TASK DIRECTIONS: Every line below from the one containing "Обратите внимание на" through the one containing "そして「磯吉セット(+税込1" is to be printed exactly, with the pictures omitted.

DATASET CONTENT:
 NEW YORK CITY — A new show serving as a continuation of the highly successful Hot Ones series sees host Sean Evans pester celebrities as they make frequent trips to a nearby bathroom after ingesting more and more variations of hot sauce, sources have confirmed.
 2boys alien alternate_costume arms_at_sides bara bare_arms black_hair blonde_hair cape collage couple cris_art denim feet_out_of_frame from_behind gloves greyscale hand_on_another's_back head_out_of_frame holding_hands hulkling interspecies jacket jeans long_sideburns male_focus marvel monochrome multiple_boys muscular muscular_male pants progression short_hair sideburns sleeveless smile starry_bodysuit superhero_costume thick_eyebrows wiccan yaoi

* * *

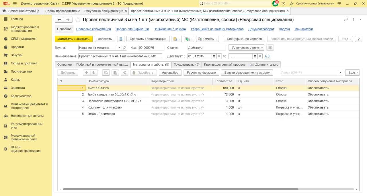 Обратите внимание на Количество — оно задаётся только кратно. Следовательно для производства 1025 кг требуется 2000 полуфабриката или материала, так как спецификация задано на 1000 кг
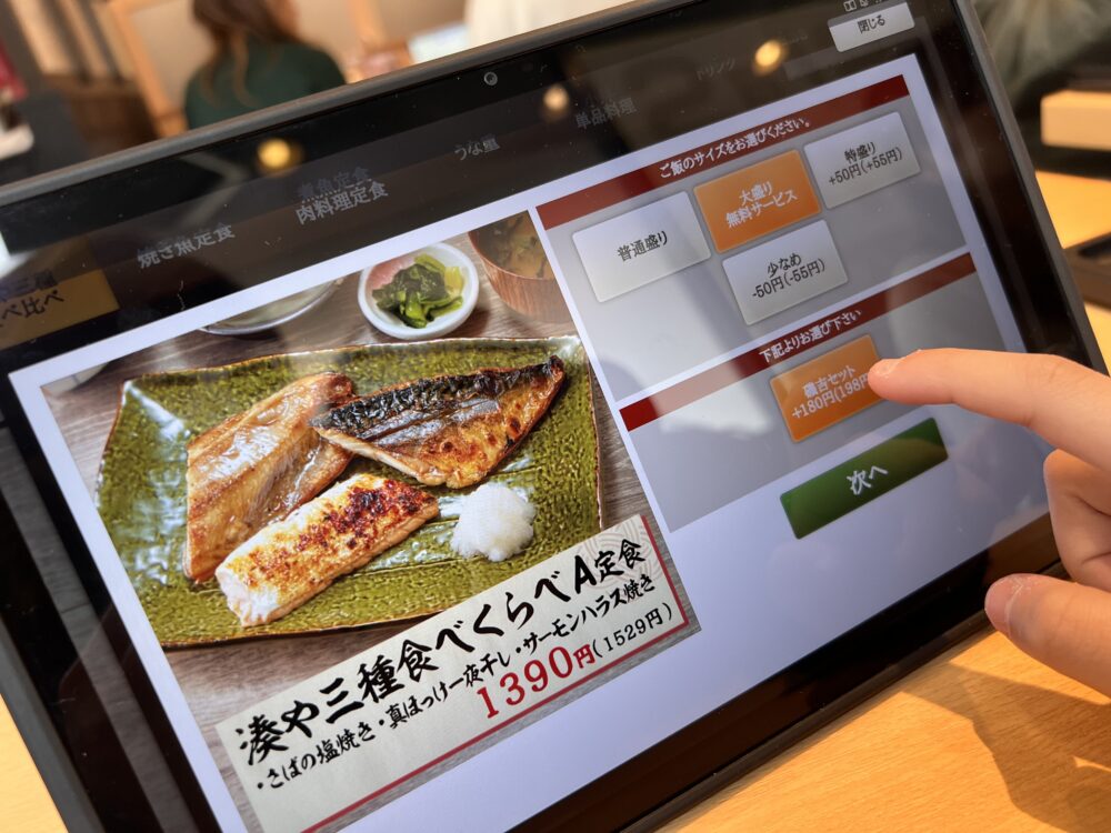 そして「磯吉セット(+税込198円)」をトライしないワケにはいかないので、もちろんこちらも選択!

* * *

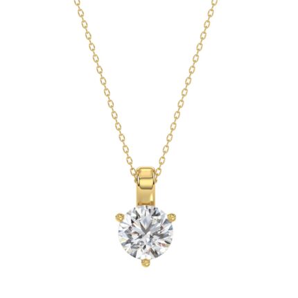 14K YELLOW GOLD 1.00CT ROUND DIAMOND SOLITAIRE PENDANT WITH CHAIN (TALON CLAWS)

EXERCISE ANSWER:
 Обратите внимание на Количество — оно задаётся только кратно. Следовательно для производства 1025 кг требуется 2000 полуфабриката или материала, так как спецификация задано на 1000 кг
 そして「磯吉セット(+税込198円)」をトライしないワケにはいかないので、もちろんこちらも選択!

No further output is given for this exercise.